Embedded Business Intelligence (BI) ist eine Art von BI, bei der die BI-Software in eine andere Anwendung oder ein anderes System eingebettet ist. Dadurch können die Benutzer auf die BI-Funktionen zugreifen und sie nutzen, ohne die Anwendung oder das System verlassen zu müssen. Eingebettete BI kann Unternehmen helfen, bessere Entscheidungen zu treffen, indem sie ihnen einen einfachen Zugang zu Daten und Analysen ermöglicht.

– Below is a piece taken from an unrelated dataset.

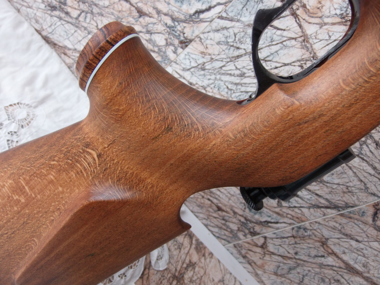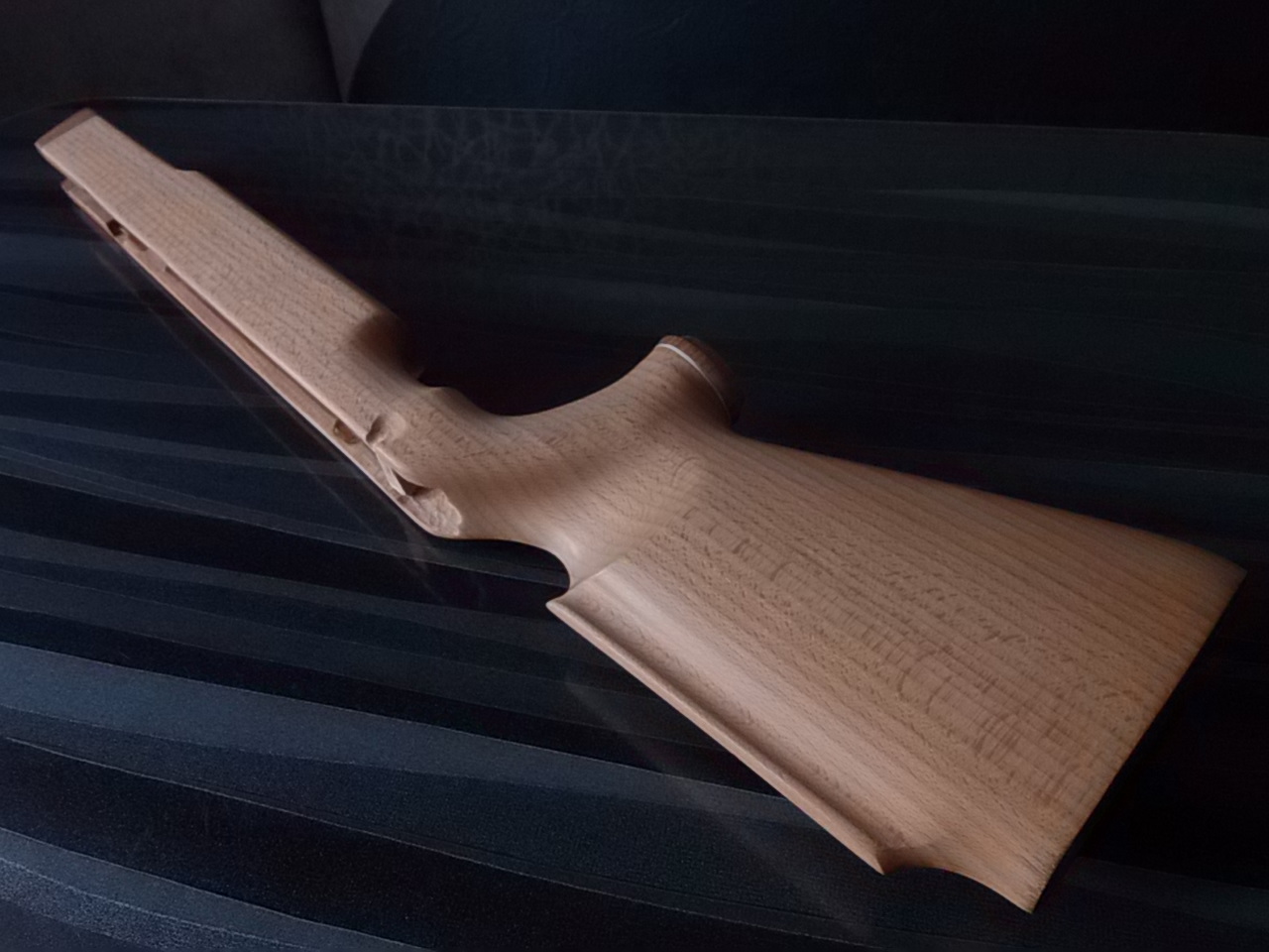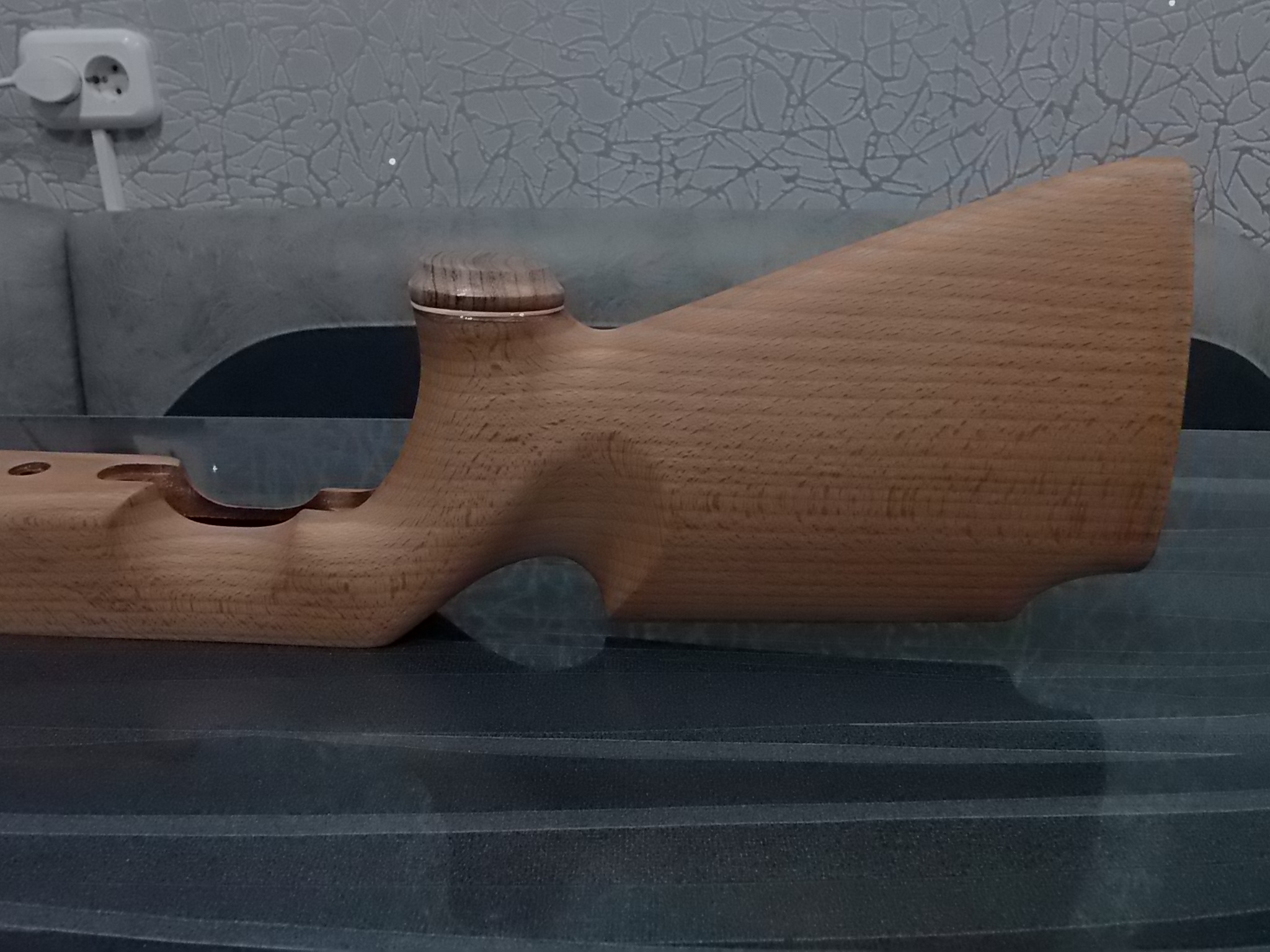Покрытое ржавчиной железо было обильно покрыто аэрозолью WD-40,оставлено на отмокание на сутки.После протёр всё обработанное мягкой тканью,затем обрызгал нейтральным ружейным маслом.Спустя ещё несколько часов протёр всё насухо.Итог-ну практически идеальным стало всё «железо». Ну а к тому времени нашлись некоторые детали в компрессор на замену.Приехали ко мне манжета новенькая с перепуском,пружина новая,стальная телескопическая направляющая /утяжелитель, ну и старенькая ложа от юниорского «Зуля» с затыльником и спусковой скобой.И вот таким стал весь наборчик к «Мурке»: Затыльник был в не полном комплекте.Требовалось его доработать.О этом чуть позже,а сама ложа была вот в таком неприглядном состоянии: Выборка родная конечно же «Мурке» не подходила.Потому кроме внешнего апгрейда,требовалось адаптировать ложу «Зуль» под нашу «МР-512». Ну и конечно же внести некоторый «марафет» в сие изделие: Первым делом всё было обработано шкурками разной зернистости на оправках. Скажу честно-на этот раз попотеть пришлось изрядно,очень не хотелось ей легко отшкуриться.Материал ложи-бук. Что самое интересное-заготовка для ложи каким-то немцем была выбрана едва ли не симметричная.Будто именно середина бревна букового была выпилена в брус (доску) для этой ложи.В общем отшкурил: Обработал далеко не на чисто-это не требовалось,так как работы с клеями ещё предстояло,счищать его впоследствии нужно было бы снова.Порадовало,что кроме прямолинейной текстуры вскрылись характерные для бука мелкие тёмные риски и тигровые вкрапления.После пропитки это как бы обещало дать красивую и интересную «палку-буратинку».К слову не ошибся!!!Ну о этом будет ниже…

Eingebettete Analysen sind die Zukunft der Datennutzung, denn sie ermöglichen es Unternehmen, datengestützte Entscheidungen zu treffen, ohne auf externe Datenquellen oder Datenwissenschaftler angewiesen zu sein. Durch die Einbettung von Analysen direkt in Geschäftsanwendungen können Unternehmen in Echtzeit auf Daten und Erkenntnisse zugreifen, ohne dass sie Daten exportieren oder auf Berichte warten müssen. So können Unternehmen schnell auf Veränderungen in ihrem Geschäftsumfeld reagieren und Entscheidungen treffen, die auf Daten und nicht auf dem Bauchgefühl basieren. Darüber hinaus ermöglicht die eingebettete Analytik die gemeinsame Nutzung von Daten und Erkenntnissen im gesamten Unternehmen, so dass jeder datengestützte Entscheidungen treffen kann.

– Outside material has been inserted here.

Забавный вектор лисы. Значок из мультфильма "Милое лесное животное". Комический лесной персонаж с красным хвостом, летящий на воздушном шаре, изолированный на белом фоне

Es gibt vier Arten von Analysen:
1. Deskriptive Analysen
2. Prädiktive Analytik
3. präskriptive Analytik
4. diagnostische Analytik
Bei der deskriptiven Analytik werden Daten zusammengefasst, um zu verstehen, was in der Vergangenheit geschehen ist. Mit dieser Art der Analyse können Fragen wie "Wie hoch war der Umsatz im letzten Monat?" oder "Wie viele Kundenbeschwerden gab es?" beantwortet werden.
Die prädiktive Analyse verwendet historische Daten, um Vorhersagen über zukünftige Ereignisse zu treffen. Diese Art der Analyse kann Fragen beantworten wie "Wie viele Verkäufe werden wir im nächsten Monat haben?" oder "Wie hoch ist die Wahrscheinlichkeit, dass ein Kunde abwandert?"
Die präskriptive Analyse geht noch einen Schritt weiter und gibt Empfehlungen, welche Maßnahmen ergriffen werden sollten, um bestimmte Ziele zu erreichen. Diese Art der Analyse kann Fragen beantworten wie "Wie können wir den Umsatz im nächsten Monat steigern?" oder "Welche Marketingkampagne sollten wir auf bestimmte Kunden ausrichten?"
Die diagnostische Analyse wird verwendet, um die Ursache von Problemen zu ermitteln. Diese Art der Analyse kann Fragen beantworten wie "Warum ist der Umsatz im letzten Monat zurückgegangen?" oder "Warum wechseln die Kunden?"